Wednesday, December 2, 2020

RUSALKA (Glyndebourne Festival Opera)****


By Dave

Link: https://www.youtube.com/watch?v=lyrGRoa7FuI&feature=emb_logo

Available until: Friday 4th December, 6pm

I possibly shouldn’t be posting this as the opera is Unlisted on youtube and I only found out because I’m subscribed to the ATG Tickets emails and one contained this link. So if anyone wants this taken down, we’re very happy to do that but in the meantime it seems a shame that only ATG tickets supporters can see it. It’s not like we actually pay ATG Tickets anything. Not unless we attend their shows.

But anyway, this is a video of Glyndebourne’s production of Antonín Dvořák’s opera Rusalka which I think is from 2019.

Most fans of opera will be familiar with Rusalka’s Song to the Moon which is a regular in concerts and on CD recordings and that arguably is the highlight but the music is great all the way through. It’s passionate, it’s atmospheric, and Robin Ticciati conducts the London Philharmonic Orchestra in a sensual reading of the score. The production is quite naughty in places and you can certainly get a sense of that in the music.

It’s a story we all probably have some familiarity with – it’s basically The Little Mermaid. (No singing crab in this production but there is lots of singing.) The mermaid Rusalka falls in love with a human Prince and asks a witch to cast a spell to make her human – at the expense of losing her voice. You’ll have to wait and see whether they get the Disney happy ending.

Movement is very important in Melly Still’s production. Professional dancers are used but there is also choreography given to the singers, whether it’s a complete dance routine (they do very well) or graceful movement to suggest a feeling of floating. Or swimming. It’s very effective and it can make some parts of the opera seem almost dreamlike.

Paule Constable is the lighting director and if at first Rusalka’s world seems a little too dark, you soon get used to that. The human world is almost shockingly bright by contrast and it really brought it home to me that Rusalka’s problems on entering the human world aren’t just social. Everything is completely different, including Rusalka’s own body.

Rusalka is played by Sally Matthews, who was right at the start of her career when I first started getting interested in opera. Obviously, that wasn’t very long ago at all but she’s now an experienced professional who’s moved from lighter repertoire into dramatic soprano territory, with great success. As Rusalka, she sings richly and powerfully, a full, sensual tone that nevertheless conveys Rusalka’s vulnerability and innocence as she seeks, and then finds, a life she can’t fully understand. Sally also copes magnificently with her tail and has to sing part of Song to the Moon lying on her back. She does that magnificently too. Without looking stupid.

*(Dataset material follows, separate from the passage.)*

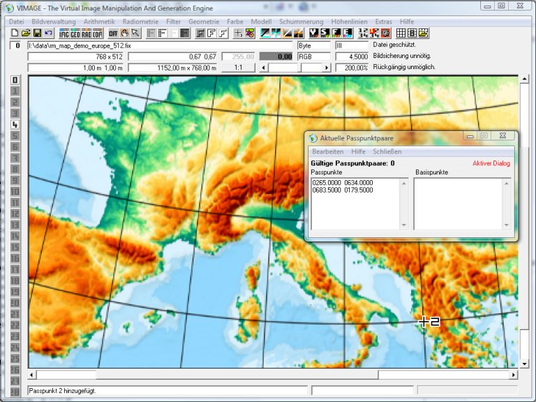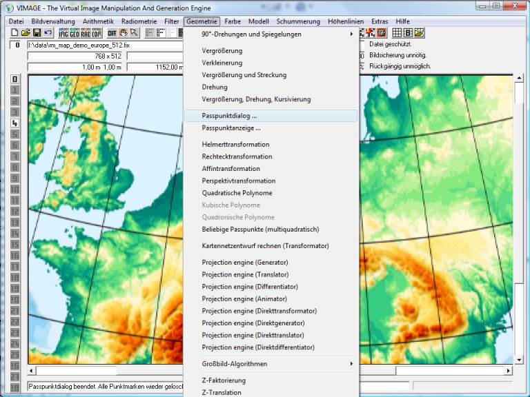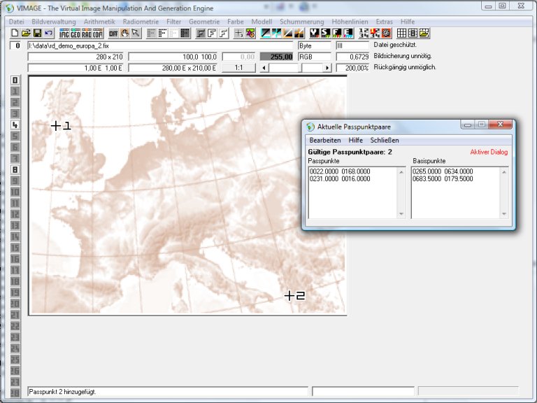 Wenn ein Punkt einmal versehentlich falsch gesetzt wurde, lässt er sich mit der Maus auch „anfassen“ und verschieben. Außerdem gibt es Menufunktionen zum Punkte löschen, speichern etc. Nachdem alle Punkte eingegeben worden sind, betätige man die Passpunktmenüfunktion Schließen. Ein Speichern der Passpunkte ist nicht erforderlich. Vimage merkt sich die Passpunktpaare im Hauptspeicher „im Hintergrund“.

Alexander Roslavets, who plays Rusalka’s father Vodnik, has a physical challenge all of his own. He spends the opera wearing something like a body stocking which suggests not only nudity but considerable… endowment. Aashiq said he couldn’t look him in the face. Maybe it’s better if we don’t examine that statement any further. It’s a perfectly reasonable costume for a water nymph but it is a bit surprising. A lot of people see opera as being all boring and respectable, but the things I’ve seen on an opera stage… anyway, once I’d come to terms with the distraction, I noticed Alexander has a really deep bass voice that suggests danger and power. I doubt many men could exude a sense of dignity in that costume, but he manages it.

The Prince, a mere human with no tails of any kind, had quite a lot to compete with. He’s a shallow man who seems to go through life wanting what he can’t have. But don’t we all? Evan LeRoy Johnson is a powerfully-voiced tenor and when the Prince has some genuine emotion to show, he shows it.

Patricia Bardon plays the role of the witch Jezibaba. She’s genuinely creepy and her strong low notes were made for the character. Not someone I’d trust personally but that’s probably why Rusalka is the title character in an opera and I’m just a TV channel. Zoya Tsrerina’s cold Foreign Princess forms a wonderful contrast with the passionate Rusalka and Alix Le Saux is delightful as the gossiping Kitchen Maid. If I don’t hear of her again, I’ll be very surprised.